3.7 The listen backlog, drawn
Facts examiners reward: the handshake completes before accept is ever called (a connection can be fully ESTABLISHED while the server is busy elsewhere — data sent by an eager client is simply queued); when the queues are full the kernel ignores the SYN rather than sending RST (so the client's retransmit can succeed once room appears); a SYN flood fills the incomplete queue with spoofed-source SYNs whose final ACK never comes — defences include SYN cookies. Backlog of 5 was the historical default; busy servers use hundreds.
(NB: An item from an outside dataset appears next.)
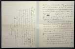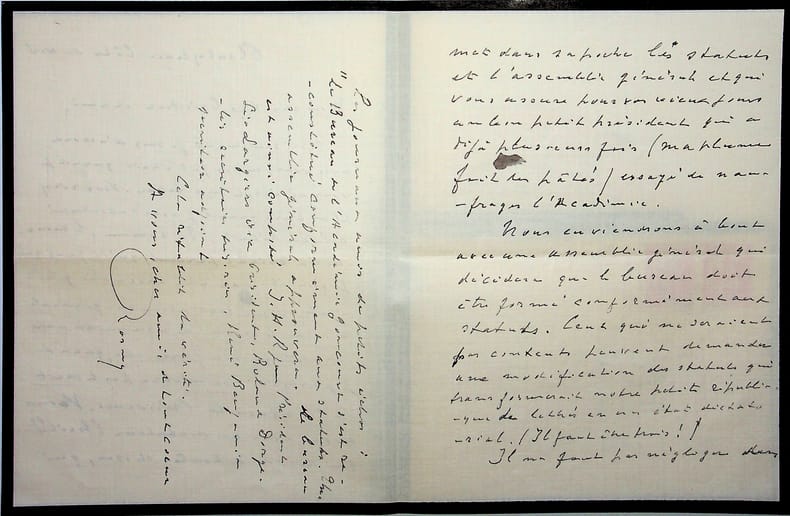 Séraphin Justin François Boex dit J.-H. Rosny jeune (1859-1948), écrivain, membre de l'Académie Goncourt. L.A.S. + enveloppe, Ploubazlanec, mars 1940, 3p in-8. Au poète et écrivain Léo Larguier (1878-1950), alors secrétaire de l'Académie Goncourt : « Mon cher vice-Président et ami, Non seulement je suis d'accord avec vous, mais je l'étais quand je vous ai écrit ma lettre. Vous rirez plus tard quand je vous raconterai cela en détail. En somme, le monstre va criant partout qu'il faut que je sois élu par une assemblée générale et que cette assemblée générale n'a pas le droit de nommer un autre président que moi parce que, quand je partirai, on n'aura pas le droit de lui refuser la présidence. Nous avons donc un dictateur (heil !) qui décide de toutes choses, qui met dans sa poche les statuts et l'assemblée générale et qui vous assure pour vos vieux jours un bon petit président qui a déjà plusieurs fois (ma plume fait des pâtés) essayé de naufrager l'Académie. Nous conviendrons à bout avec une assemblée générale qui décidera que le bureau doit être formé conformément aux statuts. Ceux qui ne seraient pas content peuvent demander une modification des statuts qui transformerait notre petite république des lettrés en un état dictatorial. (Il faut être trois !). Il ne faut pas négliger les journaux nourris de petits échos : "Le Bureau de l'Académie Goncourt s'est reconstitué conformément aux statuts. Une assemblée générale approuvera. Le bureau est ainsi constitué J.H.R jeune président, Léo Larguier vice Président, Roland Dorgelès secrétaire trésorier, René Benjamin secrétaire adjoint". Cela rétablit la vérité. A vous, cher ami, de tout coeur. Rosny ». Cette lettre montre les dissensions au sein de l'Académie Goncourt et notamment Descaves, le « monstre » et le « dictateur », qui veut imposer ses vues. Sur papier de deuil, son frère Rosny ainé, qui était président de l'Académie, étant mort le 15 février. La lettre n'est pas datée et le cachet est presque illisible. Rosny jeune devient donc le nouveau président. Belle lettre sur la succession de la présidence de l'Académie Goncourt. [184]

3.8 Iterative vs concurrent vs preforked — the server taxonomy
| Architecture | How it works | Cost per client | Right for |
|---|---|---|---|
| Iterative | one loop: accept → serve → close → repeat | zero extra | tiny exchanges (daytime): total service time ≈ one RTT |
| Concurrent (fork per client) | accept → fork → child serves | one fork (~ms) | the classic; isolates clients; this lesson's code |
| Preforked | N children forked at startup, all blocking in accept on the shared listenfd | fork cost paid in advance | busy servers (classic Apache); kernel distributes connections |
| Threaded | thread per client, or thread pool | cheaper than fork; shared memory (locking!) | when state must be shared |
| select/event loop | one process watches all sockets | no process per client at all | huge fan-in (Unit 2's multiplexing lesson) |
The preforked detail worth quoting: all N children call accept on the same listening descriptor — this is legal precisely because of descriptor sharing across fork (§3.3); the kernel wakes one child per connection (historically all of them — the "thundering herd" problem, since fixed).
Exam pointers
- "Describe the socket system calls for TCP client and server" — the §3.1 ladder + one paragraph per function from §3.2; include each prototype.
- "What is the role of backlog in listen()?" — two queues, their states, sum bounded by backlog, SYN-flood connection. The two-queue distinction is the marks discriminator.
- "Why must the parent close connfd in a concurrent server?" — reference counting; the table in §3.4 is the cleanest answer format.
- Trap question: "Does accept create a new port for the new connection?" No — same local port; the kernel demultiplexes established connections by the full 4-tuple. Saying "new port" is the classic wrong answer.
Check yourself
- connect() to host X fails in under a millisecond; to host Y it fails after a minute. What is each host's situation?
- Five clients connect to a server that hasn't called accept yet. Where are those connections? Can the clients already send data?
- In the fork server, what exactly does the child's close(listenfd) accomplish — and what breaks if it's omitted? (Subtler than the parent's close!)
- Why can ten thousand established connections all share server port 80?
- After fork, which process should call getpeername if exec is about to replace the child's image — and why might it need to?